Looking ahead and bringing in the safety case regime for high rise residential buildings, the question would be how well the Building Safety Regulator will work with building managers to keep buildings safe. “We have to make sure that regulators are checking that things are being done properly,” said Wise.
Jane Duncan OBE, an Architect and Chair of the RIBA Expert Advisory Group on Fire Safety, said the debate on single stairs should ultimately be examined from the point of view of the residents being safe. “Grenfell demonstrated that we can’t guarantee that every building is properly built and maintained, and it’s difficult to make a building perfect. Can you rely on a very tall building with a single stair?
We need to be designing buildings for the future and not for just tomorrow. We need to ask: if everything goes wrong, how do we get people out?” She added: “If I’m in a high-rise and there’s a fire, I’m going to ignore any ‘stay put’ advice.”
Paul Bussey, Senior Technical Consultant at AHMM architects, said only South Korea and the UK allow single staircases in buildings regardless of height. The argument was about an “appropriate” means of escape, as described in Approved Document B. But this approach failed at Lakanal House and at Grenfell Tower, while fire engineered solutions tend to “game” the system. “I’ve spent 30 years designing out staircases, but since Grenfell I have considered, why? It’s also very difficult to get builders to build what is designed with design-build contracts.”
Shula Rich is Vice-Chair of the Federation of Private Residents’ Associations and advises leaseholders and managing agents on right-to-manage and block management issues. She said residents feel so much safer with two staircases and feel lucky to have them. The key issue is about the distance to a staircase, but with new builds it’s all about cost.
Simon Lay, co-founder of OFR Consultants and a fire engineering specialist, agreed that we need appropriate means of escape and firefighting access, properly built and maintained. But if a building is designed or built badly, even two staircases may not help. “Is it just to make people feel safer? If you wrap a building with combustible cladding, then what? Just look at legacy two-stair buildings that don’t have proper compartmentation or sprinklers.”
He added that two-stair buildings allow for much longer travel distances without smoke ventilation.
“Thanks to the cladding crisis, people now feel unsafe. But residents should be able to put fire safety at the back of their minds, so we need to persuade people that buildings can be safe with a single staircase.”
The debate over tall buildings requiring single or dual staircases has been ongoing for some time in the fire sector.
As a prime example, the construction of a new skyscraper in London's Canary Wharf was halted in 2021 over fire safety concerns centred around the design "not providing suitable and convenient means of escape and [an] associated evacuation strategy for all building users."

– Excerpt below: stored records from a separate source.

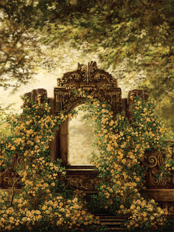 The Secret Garden Yellow Floral Arch Photography Backdrop is an enchanting setting that transports viewers into a magical garden filled with vibrant yellow roses and lush green vines. This ornate stone arch, set against a softly lit natural background, adds an ethereal and romantic element to any photoshoot. Ideal for portrait, fashion, maternity, and event photography, this backdrop offers a timeless, classic appeal that elevates any image. Available in multiple materials and sizes, the backdrop is perfect for both studio and on-location shoots.
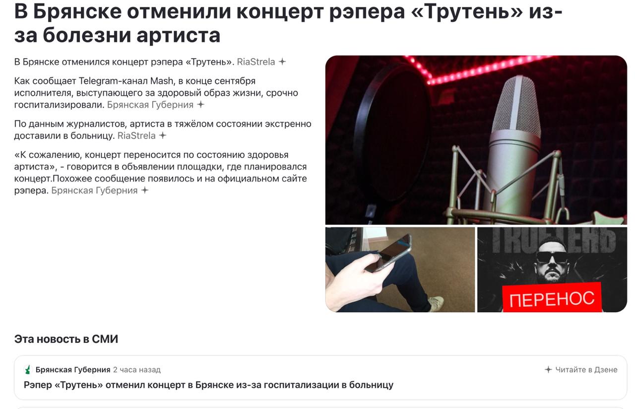 Как пишут в газетах, здоровье его «резко пошатнулось». Публике же объявили, мол, не волнуйтесь, концерт в Брянске состоится, только попозже. Билеты, граждане, не сдавайте. Кто-то, говорят, даже обиделся. Кто-то даже сказал, что, мол, я теперича специально на концерт пойду, чтобы этому Трутню в морду за ЗОЖ плюнуть.
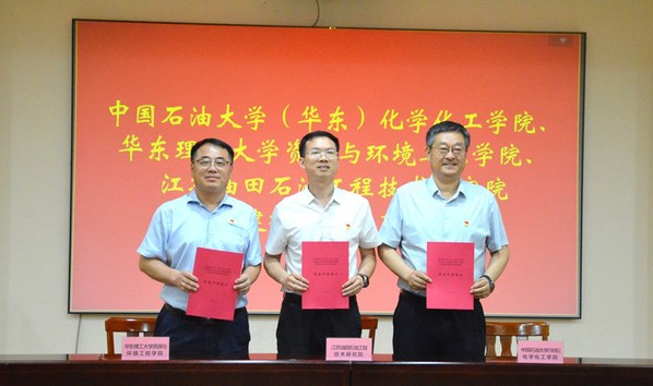 7月10日下午,三方在江苏油田石油工程技术研究院会议室举行了党建联建共建与科研工作交流会。工程院党委书记吉文献主持会议并致辞。他首先代表江苏油田欢迎石大化院、华理资环学院教师代表团一行的到来,然后介绍了江苏油田的基本情况,一起观看江苏油田石油工程技术研究院建院30周年宣传片;王彪介绍了研究院在生态环境保护方面的科研工作进展和标志性技术。张永宁从太阳成集团tyc33455基本情况、党建双创标杆院系的工作主线、党建育人品牌的实践探索等三个方面介绍了学院党委创建山东省高校党建双创标杆院系的经验做法;环境与安全工程系刘芳教授介绍了我校环境学科发展和科研创新进展。修光利介绍了华理资环学院党建工作、人才培养、科研创新等方面的基本情况,以及党建工作品牌特色和科研进展。随后,三方党委共同签订了党建共建协议,旨在搭建产教融合、联合科技创新和国情研修平台,携手推动可持续发展,助力长三角一体化高质量发展。

The brigade also highlighted that, in properties with a single staircase, a developer would be expected to demonstrate “resilience” of a building in the event of a fire, which had not been done in this case.
In a statement, Tower Hamlets Justice for Leaseholders, says that it considered the move to be a “sign of the start of a new era in fire safety.”

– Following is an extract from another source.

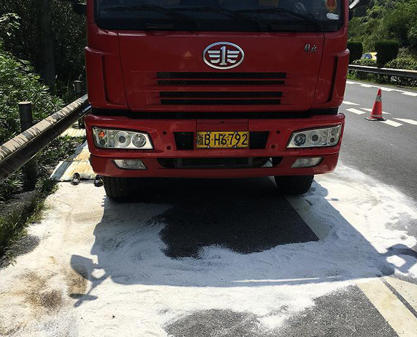 2016年7月15日凌晨。宁波滨海石化有限公司陈荣才,驾驶着浙B.H6792号槽罐车装载着18吨润滑油,行驶在G25长深(金丽温)高速公路上。当临近永康收费站约1公里路段傅店村桥附近时,他忽然听到车子不规则地异响,车身突然发出一阵震动,他下意识地一脚急刹车,槽罐车停在了路边的应急车道上。陈荣才下车检查,只见槽油罐底部的出油管破裂,油料哗哗地流淌到路上。油料沿着高速路的边坡向路坡下的排水沟流去。排水沟连接属地农田灌溉引水渠,渠的一端与一条小溪相接。他借着微弱的光线,俯下身查看,顿时吓出了一身的冷汗:原来是车子的传动轴断成了两截,其中一截断轴顶破了槽油罐卸油管阀门。机油从卸油管阀门前端哗哗泄出。陈荣才慌了神,拨通了公司的电话,但是深更半夜,公司一时联系不上。陈荣才急急忙忙脱下T恤衫,塞进槽罐下端的出油管口,那破口呈纵向裂缝,一件T恤衫根本就是无济于事。他脱光了裤子衣服,把泄漏油污的管道包紮起来。但油污还是汨汨地流向路面,流向路边的水沟。

Secretary of the Tall Building Fire Safety Network, Russ Timpson, who manages and runs the Tall Building Fire Safety Conference, added at the time: “In my opinion, you have to build resilience.
“You have to have a plan A and a plan B because if stay put doesn’t work, a simultaneous evacuation is an almost impossible challenge with a single staircase. Around the world, firefighters talk about having one escape stair and one attack stair.”